Extracted records ->
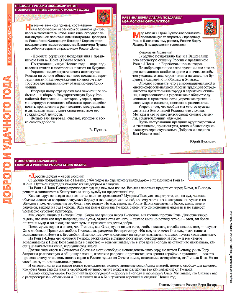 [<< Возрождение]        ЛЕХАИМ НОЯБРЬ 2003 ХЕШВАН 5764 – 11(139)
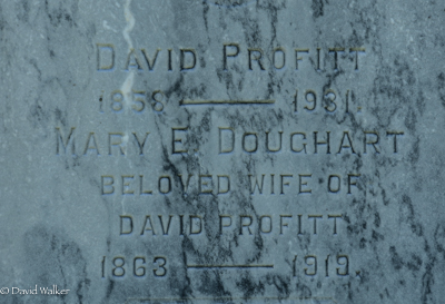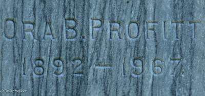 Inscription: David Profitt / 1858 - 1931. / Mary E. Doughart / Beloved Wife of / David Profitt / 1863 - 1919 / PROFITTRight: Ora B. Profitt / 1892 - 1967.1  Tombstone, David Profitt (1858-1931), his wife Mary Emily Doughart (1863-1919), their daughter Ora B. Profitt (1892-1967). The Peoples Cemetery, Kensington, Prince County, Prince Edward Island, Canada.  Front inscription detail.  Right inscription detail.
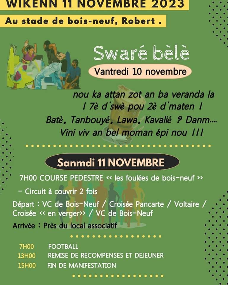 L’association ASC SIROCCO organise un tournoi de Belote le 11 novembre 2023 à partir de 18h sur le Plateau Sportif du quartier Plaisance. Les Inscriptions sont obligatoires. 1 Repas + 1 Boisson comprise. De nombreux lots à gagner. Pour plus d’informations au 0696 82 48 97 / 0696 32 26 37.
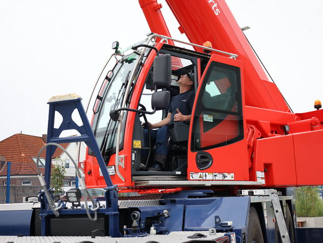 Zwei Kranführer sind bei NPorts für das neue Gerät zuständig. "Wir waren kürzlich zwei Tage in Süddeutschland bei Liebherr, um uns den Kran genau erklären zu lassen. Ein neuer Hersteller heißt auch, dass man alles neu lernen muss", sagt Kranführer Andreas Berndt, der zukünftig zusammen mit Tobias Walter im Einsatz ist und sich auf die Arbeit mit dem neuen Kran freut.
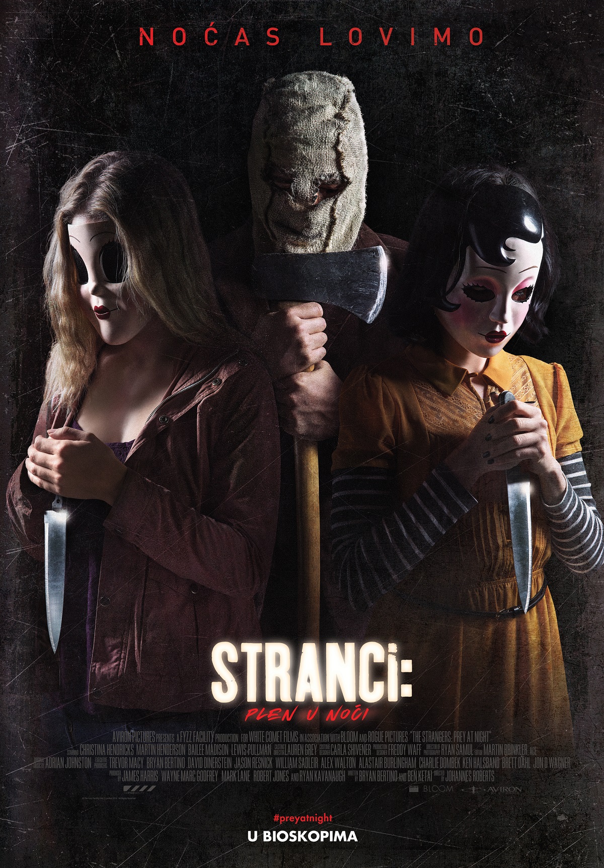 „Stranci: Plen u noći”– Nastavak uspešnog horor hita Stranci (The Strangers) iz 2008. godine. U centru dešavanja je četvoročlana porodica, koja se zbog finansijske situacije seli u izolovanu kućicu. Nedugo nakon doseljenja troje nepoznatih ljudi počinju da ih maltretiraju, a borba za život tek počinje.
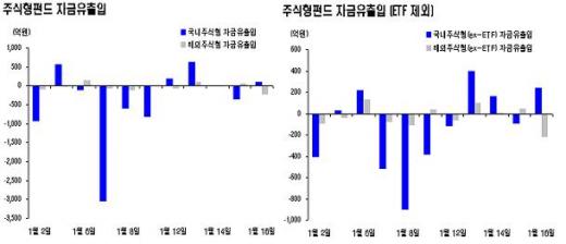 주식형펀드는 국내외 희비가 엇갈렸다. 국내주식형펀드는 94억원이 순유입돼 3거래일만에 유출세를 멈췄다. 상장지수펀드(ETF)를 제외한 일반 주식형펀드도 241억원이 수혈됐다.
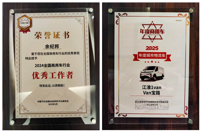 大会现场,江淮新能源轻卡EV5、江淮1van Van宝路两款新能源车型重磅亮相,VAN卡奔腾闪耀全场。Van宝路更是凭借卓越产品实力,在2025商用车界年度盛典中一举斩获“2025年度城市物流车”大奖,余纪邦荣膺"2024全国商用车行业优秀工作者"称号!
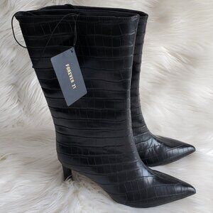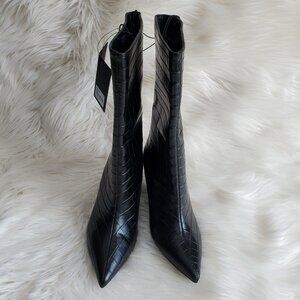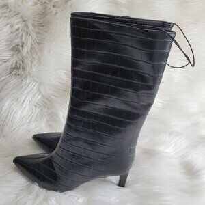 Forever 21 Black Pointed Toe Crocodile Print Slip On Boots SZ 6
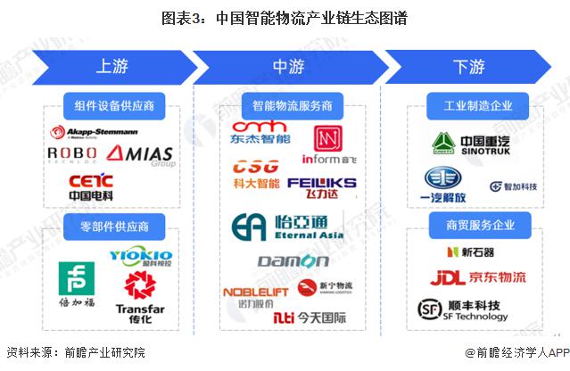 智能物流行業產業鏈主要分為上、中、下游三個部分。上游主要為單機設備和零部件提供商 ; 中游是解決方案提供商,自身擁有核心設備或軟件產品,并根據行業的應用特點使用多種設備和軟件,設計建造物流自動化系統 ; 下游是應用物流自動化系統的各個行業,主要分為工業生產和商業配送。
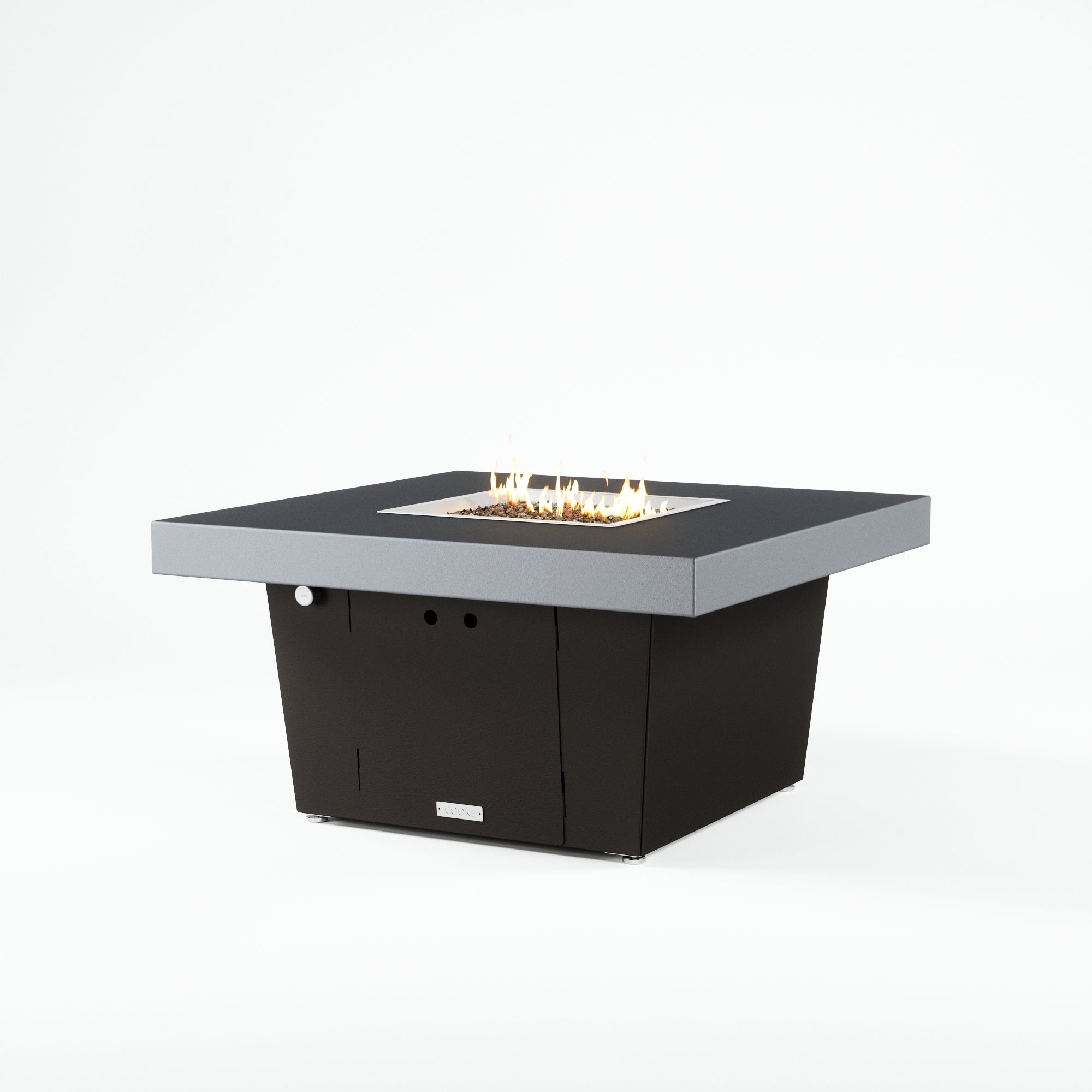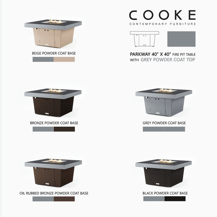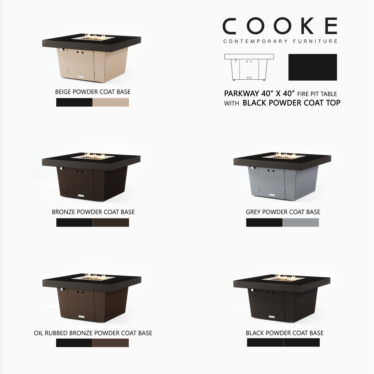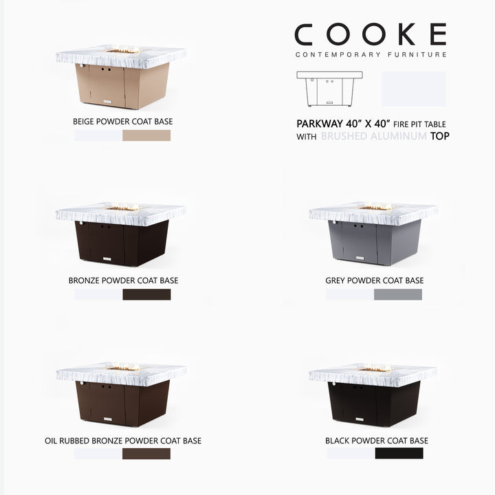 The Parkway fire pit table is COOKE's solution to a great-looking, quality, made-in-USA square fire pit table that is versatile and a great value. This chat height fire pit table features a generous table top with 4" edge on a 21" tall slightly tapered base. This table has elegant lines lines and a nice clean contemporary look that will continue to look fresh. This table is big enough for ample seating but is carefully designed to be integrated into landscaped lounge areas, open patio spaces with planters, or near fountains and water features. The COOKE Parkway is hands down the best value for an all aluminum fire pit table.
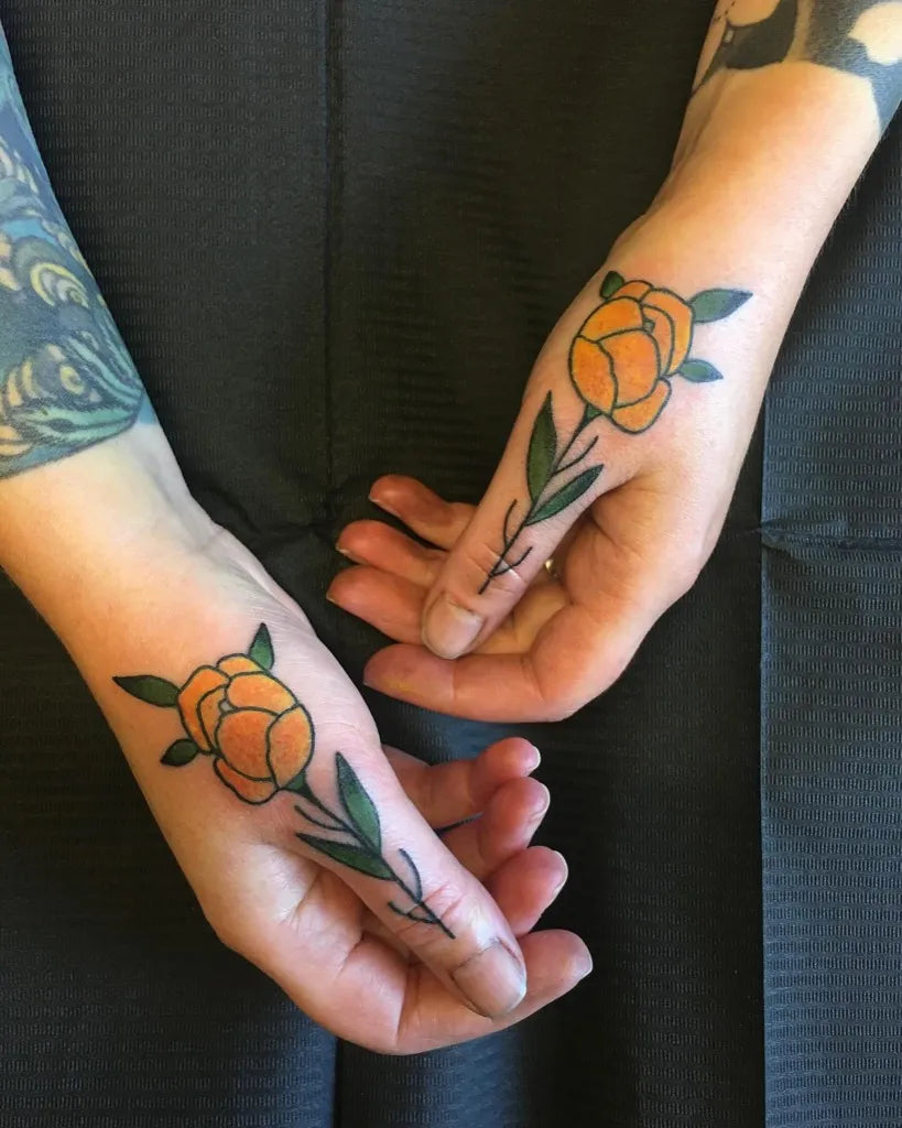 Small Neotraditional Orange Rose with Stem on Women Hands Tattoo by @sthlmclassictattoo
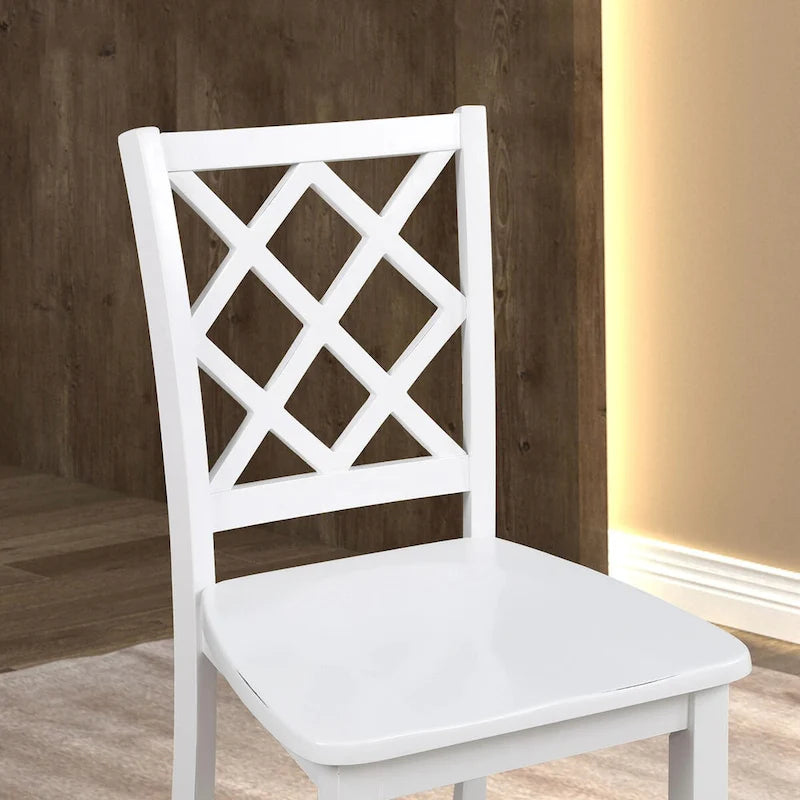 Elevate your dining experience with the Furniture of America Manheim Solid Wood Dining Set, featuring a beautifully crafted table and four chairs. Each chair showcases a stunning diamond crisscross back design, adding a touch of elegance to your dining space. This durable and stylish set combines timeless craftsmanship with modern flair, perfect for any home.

Instructions to follow -> Only the lines above from the one with "주식형펀드는 국내외 희비가" to the one with "大会现场,江淮新能源轻卡EV" should be printed, both included and exactly as written; no picture belongs in the copy.

Output below ->
 주식형펀드는 국내외 희비가 엇갈렸다. 국내주식형펀드는 94억원이 순유입돼 3거래일만에 유출세를 멈췄다. 상장지수펀드(ETF)를 제외한 일반 주식형펀드도 241억원이 수혈됐다.
 大会现场,江淮新能源轻卡EV5、江淮1van Van宝路两款新能源车型重磅亮相,VAN卡奔腾闪耀全场。Van宝路更是凭借卓越产品实力,在2025商用车界年度盛典中一举斩获“2025年度城市物流车”大奖,余纪邦荣膺"2024全国商用车行业优秀工作者"称号!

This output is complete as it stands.